Relevance : GS 2(International Relations) , GS 3(Indian Economy)

Immediate Context

  • US action: Extra 15–20% tariff, potential 50% tariff on some Indian exports (Aug 2025).
  • Sectors exempted: Pharmaceuticals, semiconductors, consumer electronics → soften the blow.
  • Indias exports to US: ~2% of GDP.
  • Exposure subject to tariffs: ~12% of India’s GDP (after exemptions).
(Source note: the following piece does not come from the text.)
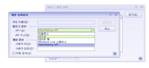 [계정선택] - [블로그 계정관리] 를 선택하여 블로그 주소 및 ID/Password 입력한 후 블로그 계정 등록이 완료되면 현재 작성 중인 문서를 [블로그로 올리기] 메뉴를 통하여 해당 블로그에 등록할 수 있다.

Finance Ministry’s Key Observations

  1. Immediate impact limited, but:
    1. Secondary & tertiary effects could hurt exports, capital formation, investor confidence.
  2. Diversification Strategy:
    1. Recent FTAs: UK, EU.
    2. Ongoing negotiations: US, EU, New Zealand, Chile, Peru.
    3. Will take time to yield results.
  3. Governments Approach:
    1. “Government & private sector acting in tandem” can minimise disruption.
    2. Tariffs seen as a temporary setback → opportunity to strengthen resilience.
  4. Global Credit Outlook:
    1. S&P upgraded India’s rating BB+ → BBB.
    2. Suggests India’s fundamentals are strong enough to absorb tariff shocks.

Risks Identified

  • Short-term risks:
    • Export slowdown in high-value sectors (engineering goods, textiles, auto components).
    • Reduced capital formation (investment hesitancy due to uncertainty).
  • Medium-term risks:
    • Supply chain disruptions.
    • Loss of competitiveness vis-à-vis Vietnam, Bangladesh, ASEAN (who enjoy lower US tariffs).
  • Long-term risks:
    • Overdependence on US market (India’s largest trading partner).
    • Risk of being caught in US–China geopolitical rivalry.

Opportunities in Crisis

  • Export Diversification: Shift to EU, UK, ASEAN, Africa, Latin America.
  • Domestic Demand Push: Boosting “Make in India” for local consumption.
  • Resilience-building: Policies to handle global shocks better (PLI, infra, digital push).
  • Strategic Negotiation: Use tariff threat as leverage in India-US trade deal.

Global & Domestic Context

  • Global backdrop: Rising protectionism (US, EU), weakening WTO dispute settlement.
  • Indias positioning:
    • Dynamic among top 5 economies (growth ~6–6.5%).
    • Strengthened fiscal & external fundamentals → buffer against shocks.

Key Takeaways

  • Direct hit limited: Only ~2% of GDP exposed directly.
  • Secondary/tertiary risks matter: exports, investment, supply chains could slow.
  • Mitigation: Diversification, policy agility, public-private cooperation.
  • Big picture: India can turn tariff pressure into opportunity to push reforms, diversify trade, and accelerate domestic capacity-building.